My favorite concoction is an overstuffed bagel sandwich with tuna, cheese, crushed Doritos, mayonnaise, hot sauce, spinach, pepperoni, and spam, all wrapped in a tortilla. Sound gross? Don’t knock it until you try it. Monotony is only the result of your lack of ingenuity. Be creative.
Just like tuna, there are only so many flavors of ramen and other dehydrated noodle meals, and I wouldn’t exactly argue eating couscous and Idahoan instant potatoes for every meal is a varied diet either.
4. Reliance on Fuel and Water Can Be a Logistical Nightmare
If I had a dollar for every time someone has asked me something like, “Oh, so you’re dry camping?” I would probably have enough money to write and publish an extensive essay on how easy dry camping is when you don’t cook. And that’s what I love: I only need water for hydration.
This replenishment is also unhindered by my lack of desire for sugary drinks. Hydration is the new craze these days. With supplements like Mio, Nuun, and Liquid IV flooding the grocery stores, hikers feel that water is no longer enough. As someone who has never (seriously, never) packed out anything to add to my water, I can assure you water is enough.
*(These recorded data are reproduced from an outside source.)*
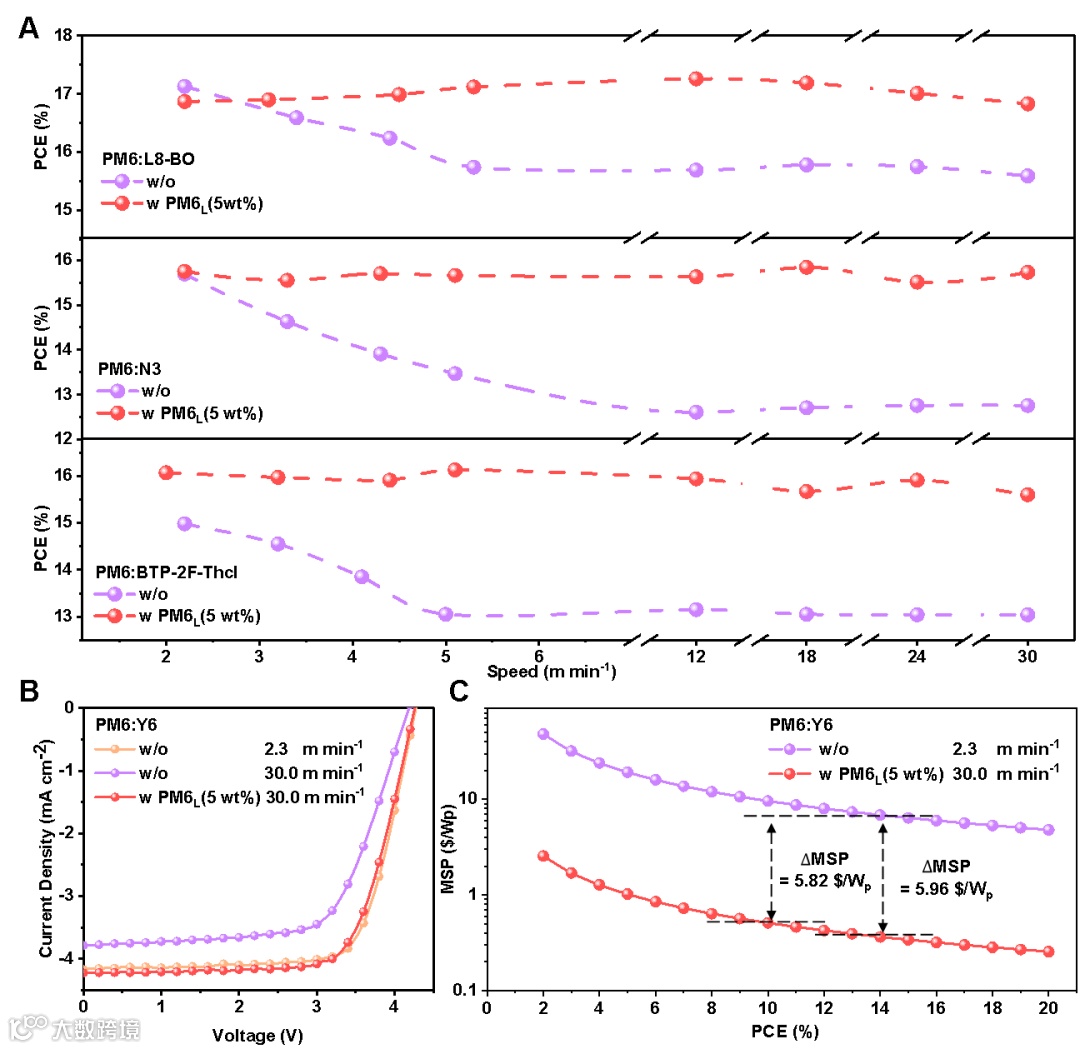 图3. (A)未掺杂和掺杂PM6L的PM6:L8-BO、PM6:N3和PM6:BTP-2F-ThCl体系器件性能随刮涂速度的变化趋势;(B)不同涂覆速度下,未掺杂和掺杂PM6L的PM6:Y6体系制备组件的J-V曲线;(C)未掺杂和掺杂PM6L的PM6:Y6体系的MSP分析。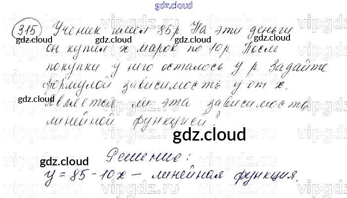 Ответ на задание 315 Учебник Алгебра  за 7 (седьмой) класс Макарычев, Миндюк, Нешков, Суворова   2015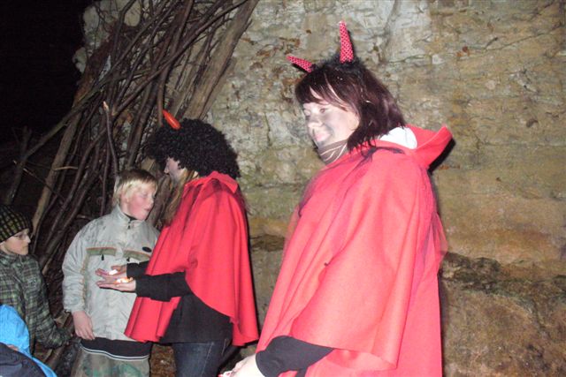 A poslední, nejtěžší zkouška byla procházka pekelnou bránou. I tu všechny děti i rodičové úspěšně zdolali a vyrazili zpátky k sázavskému hřišti opéct po příjemné procházce párky k večeři.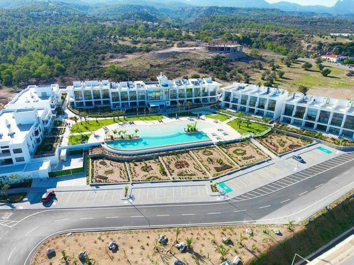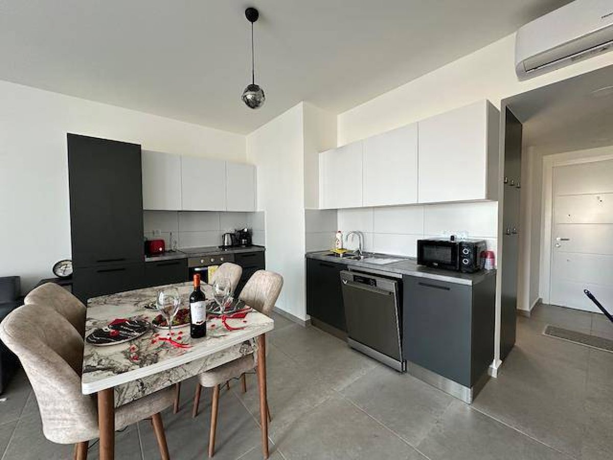 Yeni bitmiş Kuzey Kıbrısanın yüksek kaliteli Cove Garden Proje çok özel konumda yeni full eşyalı SATILIK 1+1 daire .
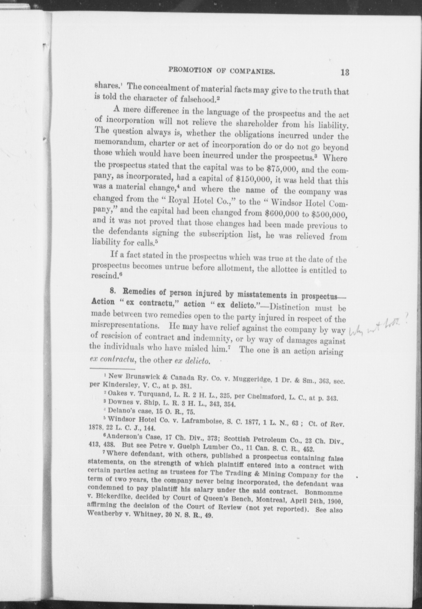 A treatise on Canadian company law : containing a commentary on the Companies Act of the Dominion, with incidental reference to the law of the various provinces, with full notes of the jurisprudences and appendices of the statutes and useful forms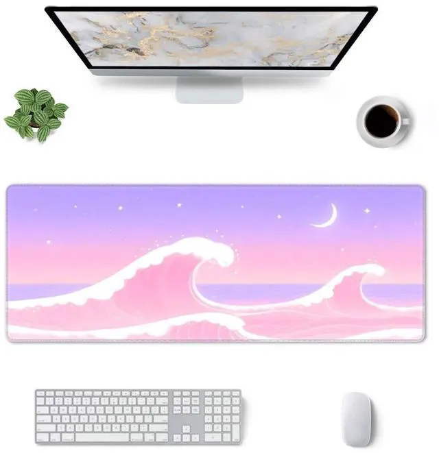 CANFLASHION Pink Waves Large Desk Mat - 31.5"x11.8" Non-Slip Waterproof Computer Mouse Pad,Washable Fabric Surface with Rubber Base for Office & Home Use,Extended Keyboard Mat(300x800x3mm)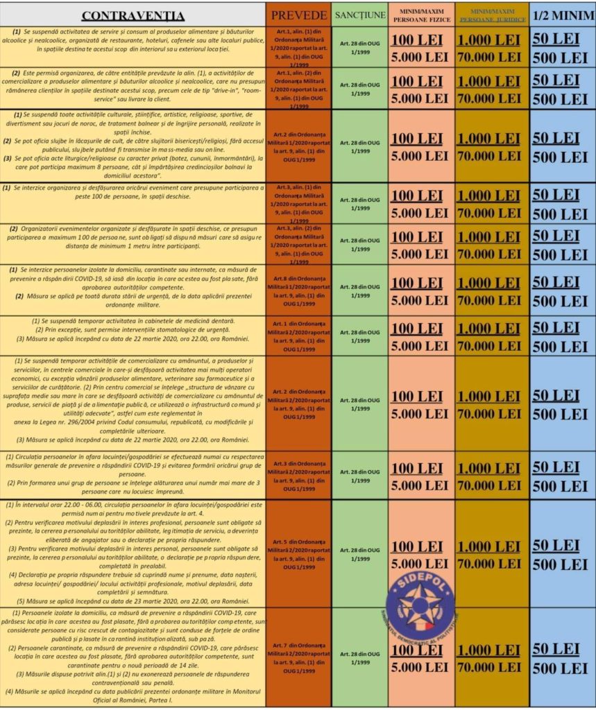 Autorităţile statutului au emis, duminică seara, lista de amenzi pentru persoanele fizice şi juridice care încalcă noile restricţii prin care se restrâng și drepturile de circulaţie. Amenzile se ridică la sume cuprinse între 100 şi 5000 de lei, dacă ieşi pe stradă fără să ai unul dintre motivele cuprinse în hotărâre.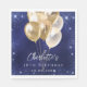 A navy blue background with elegant faux sparkles and golden balloons. The blue color is uneven. Personalize and add a name and age. White letters.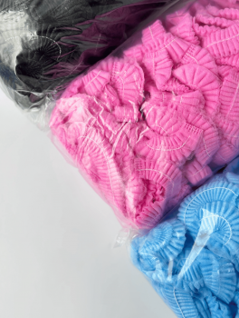 Одноразові шапочки для волосся продаються упаковками по 100 штук. Придбати шапочки зі спанбонду за оптовою ціною можна на нашому сайті та в магазині.

If you eat food throughout the day like you’re supposed to, you will maintain your needed electrolytes. So stop tainting your water. It’s beautiful just the way it is. And of course, without a stove or these packets, you’ll need less water. Water is life, and it’s not everywhere. I’m sure you’d feel foolish if you couldn’t eat because of your lack of it.
Retaining fuel is another necessity of cooking. I’ve seen a handful of hikers run out of fuel in the middle of a trail section, requiring them to eat their food dry (no thanks) or cold-soaked. Fuel can’t be found everywhere. On the Appalachian Trail, we had to take a detour into the town of Kent, Connecticut because we ran out of it. The only place that sold them was the hardware store, and their supply was meager. The clerk who assisted me told me they wouldn’t have carried them if it weren’t for hikers.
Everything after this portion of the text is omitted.